**WHAT YOU WILL DO**.
The response should reproduce exactly the lines from the top of the listing below through the one that contains "オフホワイトのクロスと木目調", and nothing else; pictures do not belong in it.

**TASK INPUTS**.
== Segment start ==

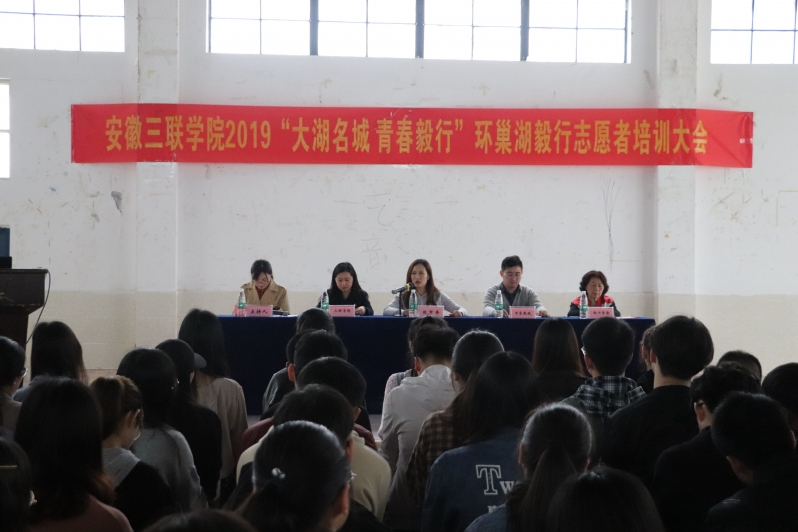 4月26日,“大湖名城•青春毅行”2019环巢湖毅行志愿者专题培训大会在我校大学生活动中心顺利举行。合肥团市委青年志愿者工作部部长庆欣,校团委书记李燕,万家热线、合肥市红十字会等相关单位代表出席此次大会,共同为我校450名毅行志愿者进行专题培训,会议由校青年志愿者服务中心指导教师朱悦主持。
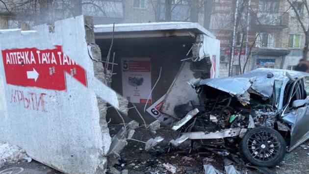 В Белгороде автомобиль «разорвало» от столкновения с бетонным укрытием
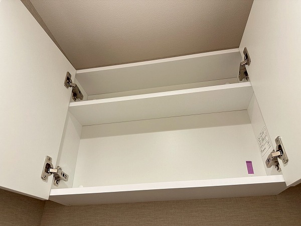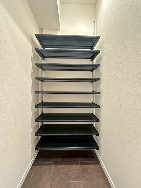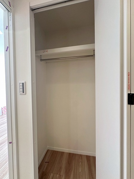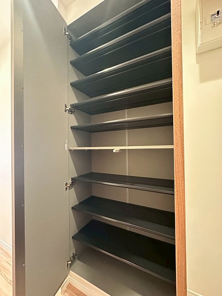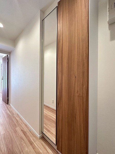 オフホワイトのクロスと木目調のフロアが温かみのある玄関。右側にはトールタイプのシューズクローゼットを完備しています。シューズクローゼットの扉の一部に姿見が備わっているので、外出前の身だしなみチェックもバッチリ◎
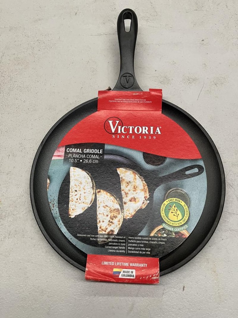 Victoria Cast Iron Comal Griddle, Round Comal Pan, Seasoned, 10.5 inch Black - RETAIL RETURN- UNUSED- ORIGINAL LABEL PACKAGING- AS NEW CONDITION- NO BOX
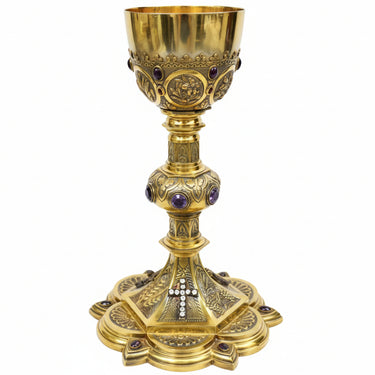 Price: $On RequestItem Information: #CU490 - Older All Sterling Silver Gothic Chalice with Purple Stones. Made by W.J Feeley Co.

== Segment end ==

**RESPONSE AREA**.
 4月26日,“大湖名城•青春毅行”2019环巢湖毅行志愿者专题培训大会在我校大学生活动中心顺利举行。合肥团市委青年志愿者工作部部长庆欣,校团委书记李燕,万家热线、合肥市红十字会等相关单位代表出席此次大会,共同为我校450名毅行志愿者进行专题培训,会议由校青年志愿者服务中心指导教师朱悦主持。
 В Белгороде автомобиль «разорвало» от столкновения с бетонным укрытием
 オフホワイトのクロスと木目調のフロアが温かみのある玄関。右側にはトールタイプのシューズクローゼットを完備しています。シューズクローゼットの扉の一部に姿見が備わっているので、外出前の身だしなみチェックもバッチリ◎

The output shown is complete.